Public Subject Attention via Wikipedia Page View Statistics

Public attention is an interesting field of study. The internet not only allows to access information in no time on virtually any subject but via page access statistics gathered by website authors the subject of attention as well can be studied.
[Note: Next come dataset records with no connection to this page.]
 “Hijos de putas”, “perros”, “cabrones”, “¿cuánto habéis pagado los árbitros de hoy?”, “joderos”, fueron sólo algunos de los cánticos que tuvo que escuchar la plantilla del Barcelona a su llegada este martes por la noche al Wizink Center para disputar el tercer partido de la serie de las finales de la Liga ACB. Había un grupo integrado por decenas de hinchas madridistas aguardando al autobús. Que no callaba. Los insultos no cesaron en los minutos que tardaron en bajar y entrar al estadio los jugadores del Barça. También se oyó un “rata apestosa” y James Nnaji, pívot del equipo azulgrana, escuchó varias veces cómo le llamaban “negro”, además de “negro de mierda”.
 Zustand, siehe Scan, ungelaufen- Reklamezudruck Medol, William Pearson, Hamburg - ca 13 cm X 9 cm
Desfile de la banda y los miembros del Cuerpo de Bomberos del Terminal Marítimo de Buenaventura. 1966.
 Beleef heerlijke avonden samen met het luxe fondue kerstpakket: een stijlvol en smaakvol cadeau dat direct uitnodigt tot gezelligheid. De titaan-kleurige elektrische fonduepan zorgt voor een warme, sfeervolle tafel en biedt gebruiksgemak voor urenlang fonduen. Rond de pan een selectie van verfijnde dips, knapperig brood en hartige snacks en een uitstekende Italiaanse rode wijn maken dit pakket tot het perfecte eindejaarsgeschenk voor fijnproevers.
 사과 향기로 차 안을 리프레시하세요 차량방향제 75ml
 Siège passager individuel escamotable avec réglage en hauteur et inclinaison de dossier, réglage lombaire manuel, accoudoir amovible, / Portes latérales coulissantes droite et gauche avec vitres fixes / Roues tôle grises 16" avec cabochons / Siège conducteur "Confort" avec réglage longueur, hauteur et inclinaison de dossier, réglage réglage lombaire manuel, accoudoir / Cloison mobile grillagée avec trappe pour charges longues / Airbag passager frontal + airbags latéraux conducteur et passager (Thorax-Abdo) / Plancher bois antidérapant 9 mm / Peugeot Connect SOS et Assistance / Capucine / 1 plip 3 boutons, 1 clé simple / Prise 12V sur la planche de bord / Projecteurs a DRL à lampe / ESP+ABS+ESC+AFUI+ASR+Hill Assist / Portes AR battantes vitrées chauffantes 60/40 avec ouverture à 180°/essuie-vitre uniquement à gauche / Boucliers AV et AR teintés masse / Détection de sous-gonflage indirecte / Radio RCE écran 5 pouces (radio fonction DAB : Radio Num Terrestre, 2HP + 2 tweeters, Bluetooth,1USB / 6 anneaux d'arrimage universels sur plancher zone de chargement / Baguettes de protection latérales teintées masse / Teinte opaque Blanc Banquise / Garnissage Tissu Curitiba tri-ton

For the omnipresent Wikipedia those access statistics are made available via ' http://stats.grok.se' a server providing the information as file dumps as well as as web API. This package provides an easy to use, consistent and traffic minimizing approach to make those data accessible within R.


Author

Peter Meißner

Last Update

2016-03-20

Status (current version on Github)

Ubuntu build
Windows build
Version on CRAN
Version on Github 1.1.10
Downloads from CRAN.RStudio   

Meta (cranlogs) wikipediatrend

Purpose

The wikipediatrend package is designed to make Wikipedia page access statistics data availible in R in a most convenient way.

Consequently the package provides

  • daily page views as data frames
  • page views for user set time spans
  • page views for multiple articles in one function call
  • page views for articles in different language domains
  • a function to check article titles in other country domains
  • background caching of results to minimize function execution time as well as server burdens

Installation

A stable version of the package can be found on CRAN and installed via ...
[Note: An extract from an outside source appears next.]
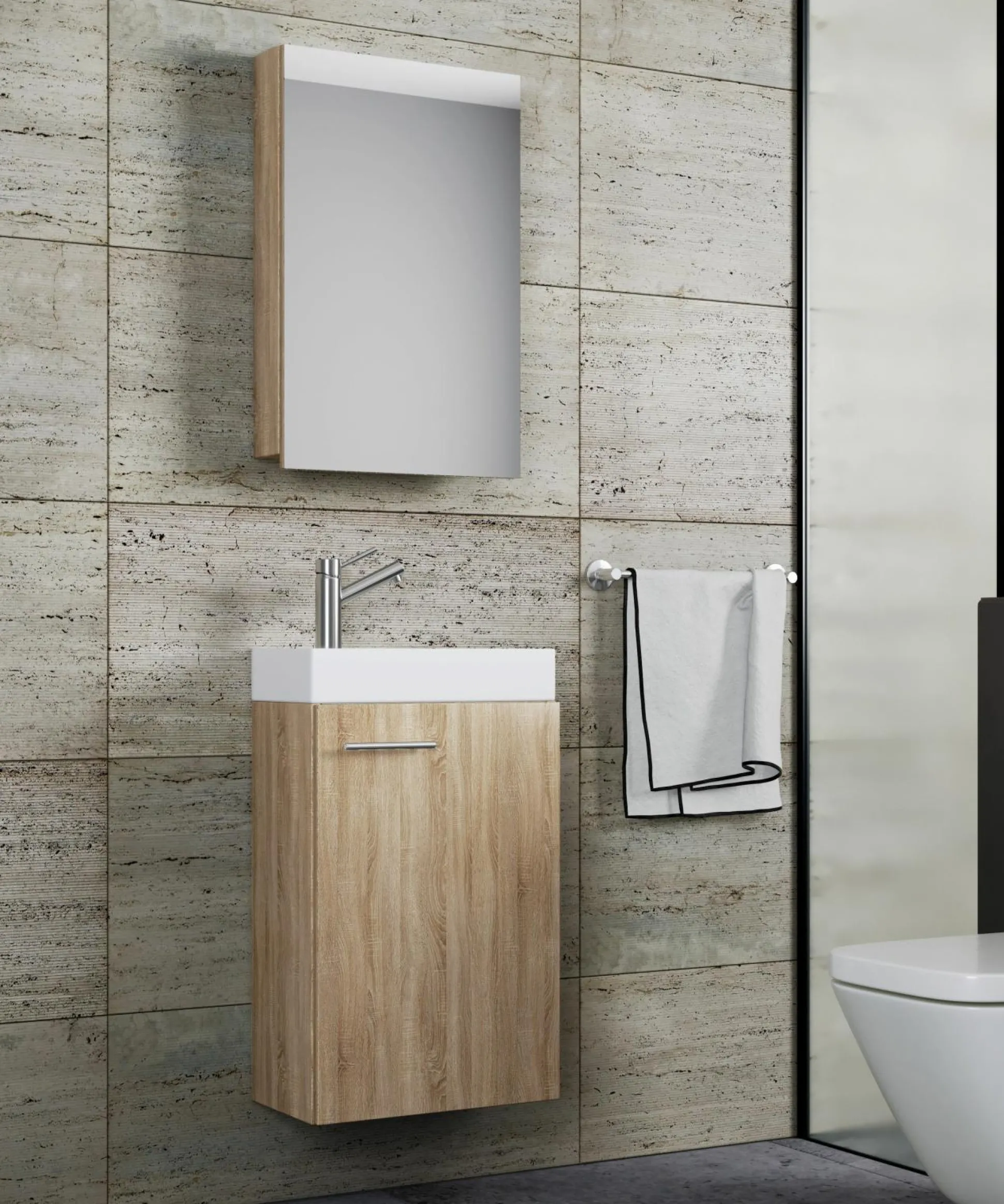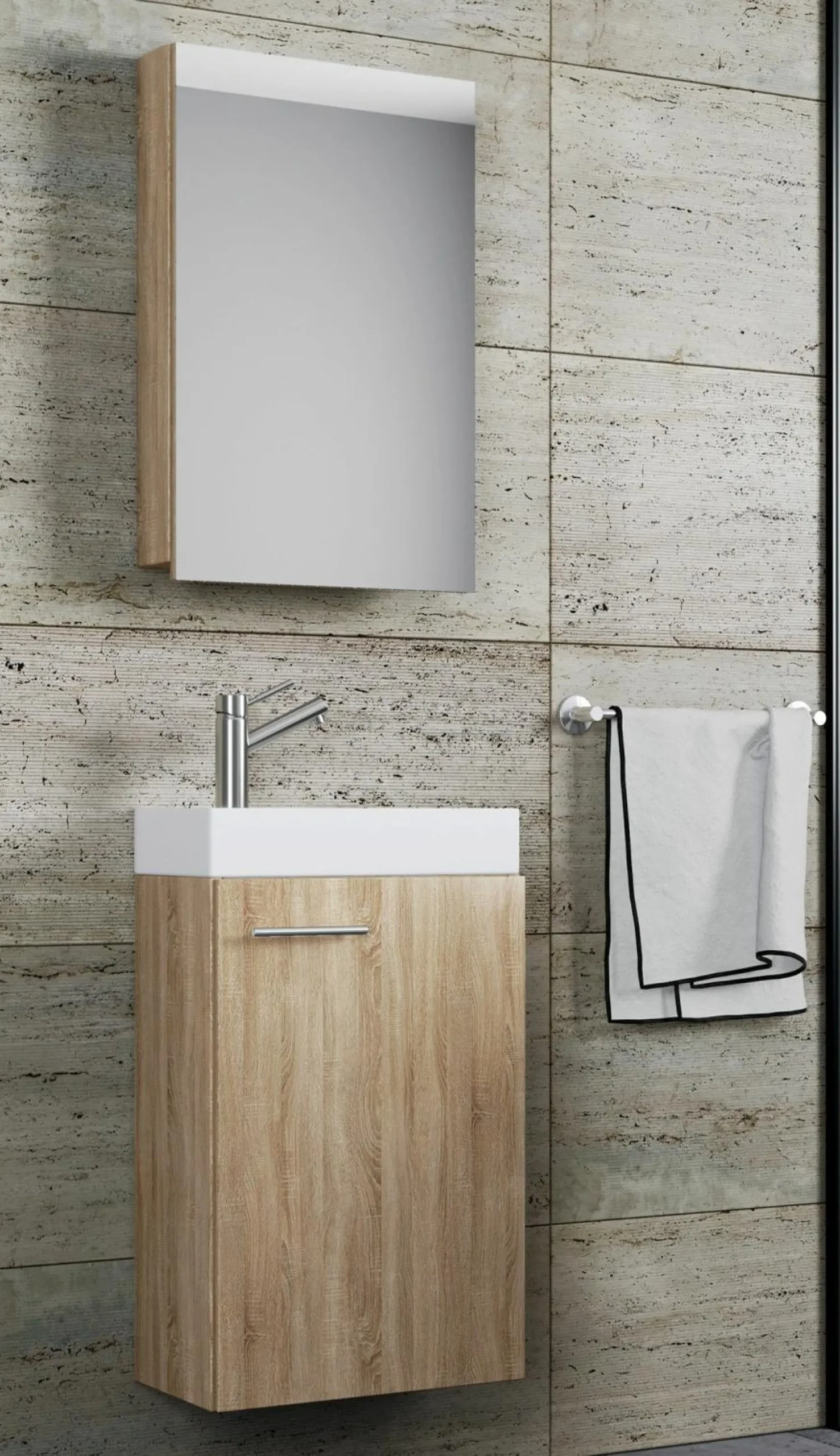 · Das moderne Bad-Set Slito mit Spiegelschrank eignet sich für ein Gäste-WC oder kleines Bad.
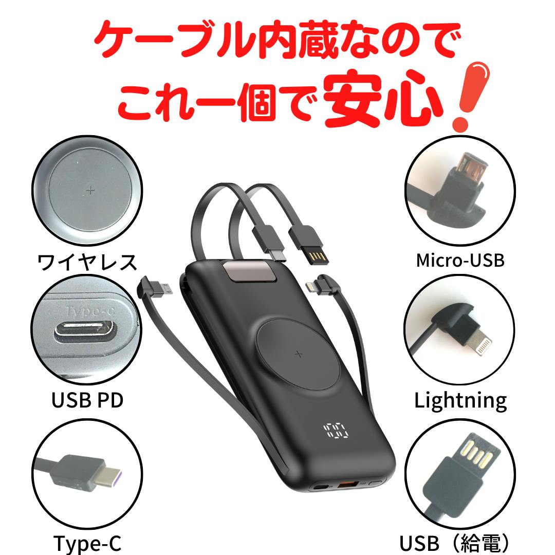 ※ワイヤレス充電、Micro-USB、USB PD(パソコンへの充電)、Lightning、Type-C、市販のデバイスほぼ全てに対応できます。

install.packages("wikipediatrend")

... while the current developement version can be retrieved by using install_github() from the devtools package ...

devtools::install_github("petermeissner/wikipediatrend")

After loading the package several functions are available.

library(wikipediatrend)

Usage

The workhorse of the package is the wp_trend() function:

wp <- wp_trend(page = c("Fever","Fieber"), 
               from = "2013-08-01", 
               to   = "2015-12-31", 
               lang = c("en","de"))
## http://stats.grok.se/json/en/201308/Fever
## http://stats.grok.se/json/en/201309/Fever
## http://stats.grok.se/json/en/201310/Fever
## http://stats.grok.se/json/de/201308/Fieber
## http://stats.grok.se/json/de/201309/Fieber
## http://stats.grok.se/json/de/201310/Fieber
## http://stats.grok.se/json/de/201311/Fieber
# (... messages shortened)

The function's return is a data frame with six variables date, count, project, title, rank, month paralleling the data provided by the stats.grok.se server:

head(wp)
##   date       count lang page   rank month  title 
## 1 2013-08-01  486  de   Fieber 1391 201308 Fieber
## 2 2013-08-01 2768  en   Fever  5014 201308 Fever 
## 3 2013-08-02  476  de   Fieber 1391 201308 Fieber
## 4 2013-08-02 2529  en   Fever  5014 201308 Fever 
## 5 2013-08-03  429  de   Fieber 1391 201308 Fieber
## 6 2013-08-03 2113  en   Fever  5014 201308 Fever

Furthermore, wikipediatrend provides a helper function wp_linked_pages() which allows to query wikipedia if a particualr article exists in other languages as well:

wp_linked_pages("Hitsche", lang="de")
##    page             lang   title           
## 1  Schame           bar    Schame          
## 2  Reposapeus       ca     Reposapeus      
## 3  Footstool        en     Footstool       
## 4  Reposapi%C3% ... es     Reposapiés      
## 5  %D8%B2%DB%8C ... fa     زیرپایی         
## 6  Pouf             fr     Pouf            
## 7  Skabelo          io     Skabelo         
## 8  Voetenb%C3%A ... nds-NL Voetenbänksi ...
## 9  Fotskammel       nn     Fotskammel      
## 10 Podn%C3%B3%C ... pl     Podnóżek

Vignette

For a more detailed usage have a look at the vignette accompanying the package. vignette("using-wikipediatrend", package="wikipediatrend")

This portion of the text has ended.